- RECORDS FOR PROCESSING:
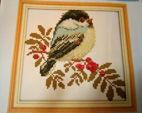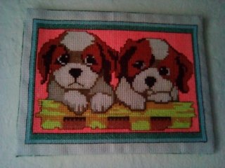 Trabajo de Bordado hecho a mano en Punto de Cruz sobre tela impresa
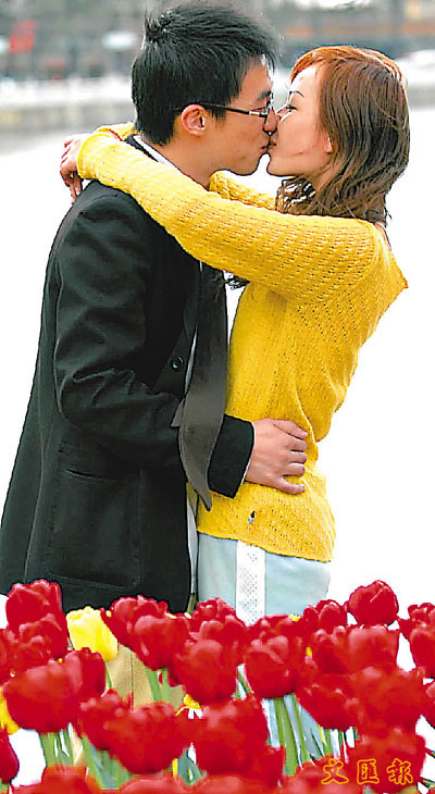深情的擁抱,是女孩對感情認真的表現。 新華社
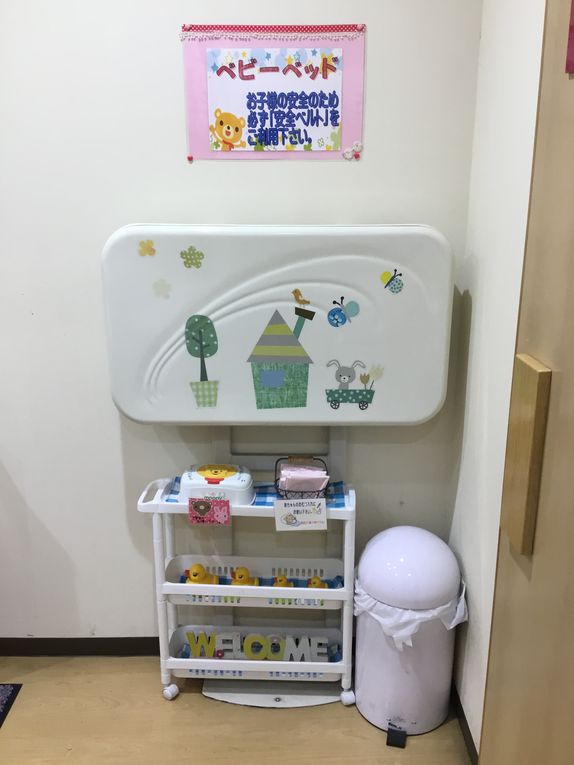 小さなお子さまのおむつ替え用のベッドにおしり拭きや専用ごみ袋も完備しております♪
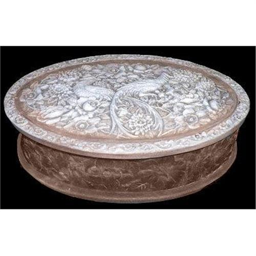 This vintage Incolay Studios Jewelry Box is beautifully handcrafted in lovely blue Incolay Tourmaline Stone. The top of the box is sculpted in bas-relief with a central design of two Birds of Paradise entwined in a field of flowers. The side of this oval box is surrounded with a 2 1/2" frieze of flowers. It measures 11" x 6" x 2.5", the inside is lined with black velvet, there are four velvet feet on the bottom. The box is piano hinged, and in excellent condition
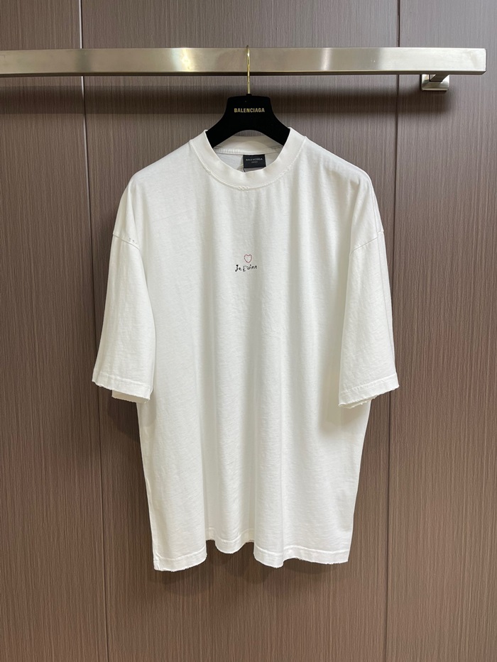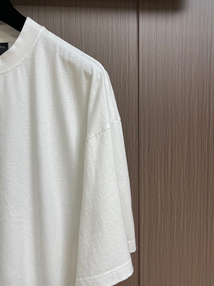 バレンシアガメンズホワイトクルーネック半袖Tシャツa556

- EXERCISE OBJECTIVE:
From the records above, give again only the part that opens with the line containing "深情的擁抱,是女孩對感情認真的表現。 新華社" and closes with the line containing "小さなお子さまのおむつ替え用". Keep both ends but drop the pictures.

- TASK RESULT:
深情的擁抱,是女孩對感情認真的表現。 新華社
 小さなお子さまのおむつ替え用のベッドにおしり拭きや専用ごみ袋も完備しております♪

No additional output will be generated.